OK, OK, OK, I would add one more flag.
>
> > Also if we get here with base_addr = 0, it is surely a bug.
> > 
> > > > +
> > > > +	return -EINVAL;
> > > > +}
> > > > +
> > > > +static int msix_mmio_read(struct kvm_io_device *this, gpa_t addr,
> > > > int len, +			  void *val)
> > > > +{
> > > > +	struct kvm_assigned_dev_kernel *adev =
> > > > +			container_of(this, struct kvm_assigned_dev_kernel,
> > > > +				     msix_mmio_dev);
> > > > +	int idx, r = 0;
> > > > +	u32 entry[4];
> > > > +	struct kvm_kernel_irq_routing_entry e;
> > > > +
> > > > +	mutex_lock(&adev->kvm->lock);
> > > > +	if (!msix_mmio_in_range(adev, addr, len)) {
> > > > +		r = -EOPNOTSUPP;
> > > > +		goto out;
> > > > +	}
> > > > +	if ((addr & 0x3) || len != 4)
> > > > +		goto out;
> > > > +
> > > > +	idx = msix_get_enabled_idx(adev, addr, len);
> > > > +	if (idx < 0) {
> > > > +		idx = (addr - adev->msix_mmio_base) / PCI_MSIX_ENTRY_SIZE;
> > > > +		if ((addr % PCI_MSIX_ENTRY_SIZE) ==
> > > > +				PCI_MSIX_ENTRY_VECTOR_CTRL)
> > > > +			*(unsigned long *)val =
> > > > +				test_bit(idx, adev->msix_mask_bitmap) ?
> > > > +				PCI_MSIX_ENTRY_CTRL_MASKBIT : 0;
> > > 
> > > I suspect this is wrong for big endian platforms: PCI returns
> > > all values in little endian format.
> > 
> > Let big endian platform take care of it later... There is only x86 has
> > __KVM_HAVE_MSIX now.
> 
> Well it's easier to make the code correct when you write it than later.

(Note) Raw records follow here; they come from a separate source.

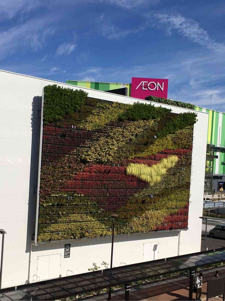 2005愛知万博が開かれていた長久手市のショッピングセンターに行く。万博時もあったがヒートアイランド対策兼ねる巨大な「壁面緑化」がされており秋空に映える。デザインとしてもとても良い。維持大変かな。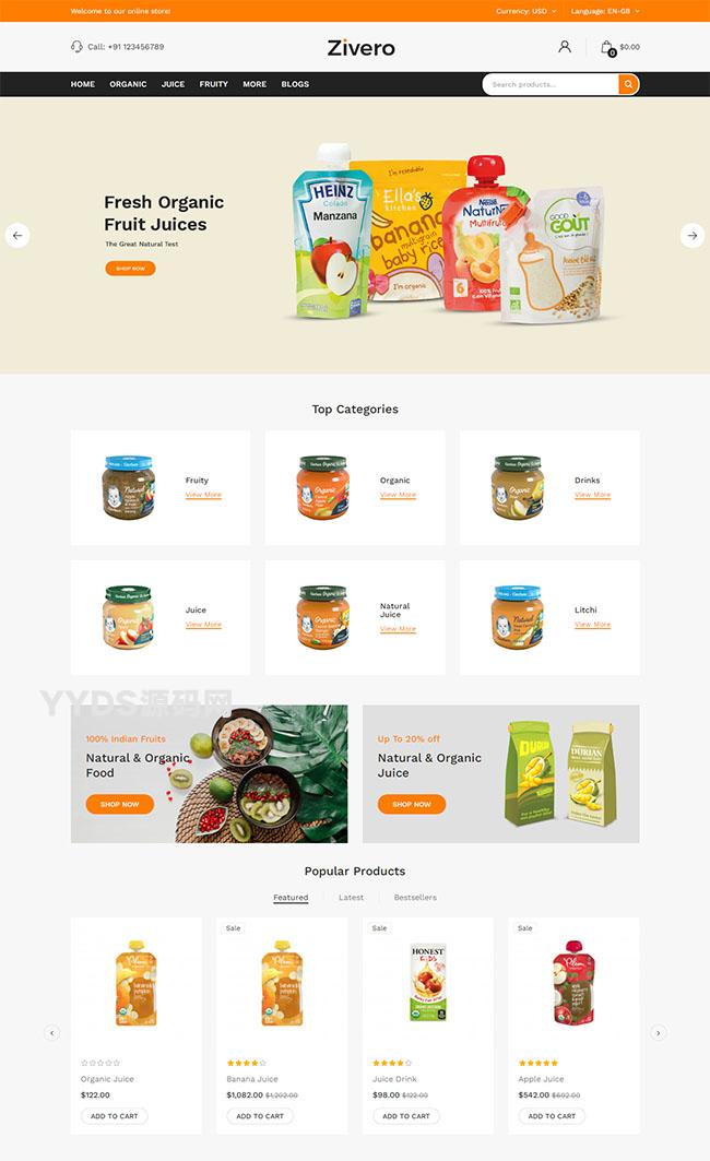 小清新果汁饮品商城网站模板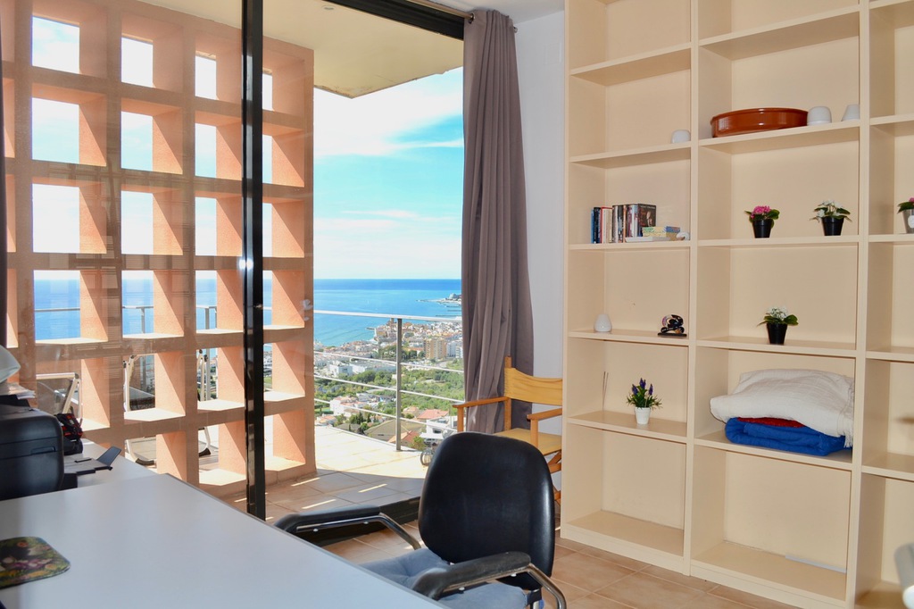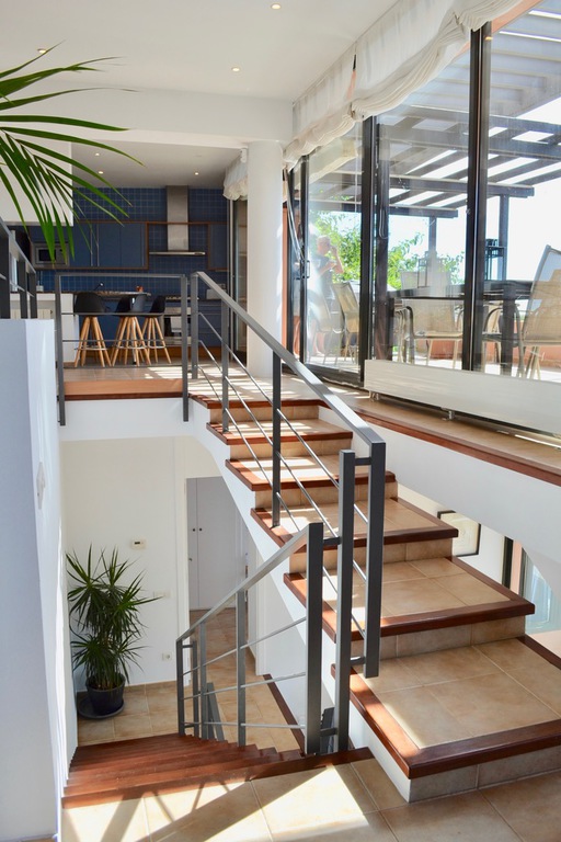 On this level there is an open plan kitchen fully equipped for all your needs, a large dining area and the lounge área and large outside terrace with again stunning views.

Go back to me if someone want to implement MSI device assignment on big-endian 
machine.

> > > > +		else
> > > > +			r = -EOPNOTSUPP;
> > > > +		goto out;
> > > > +	}
> > > > +
> > > > +	r = kvm_get_irq_routing_entry(adev->kvm,
> > > > +			adev->guest_msix_entries[idx].vector, &e);
> > > > +	if (r || e.type != KVM_IRQ_ROUTING_MSI) {
> > > > +		printk(KERN_WARNING "KVM: Wrong MSI-X routing entry! "
> > > > +			"idx %d, addr 0x%llx, len %d\n", idx, addr, len);
> > > 
> > > Can a malicious userspace trigger this intentionally?
> > 
> > No.
> 
> Here's a scenario: bind an MSIX routing entry to device, then later
> change its type to regular interrupt. Fills the log with warnings,
> doesn't it?

Does QEmu suppose to discard the old routing?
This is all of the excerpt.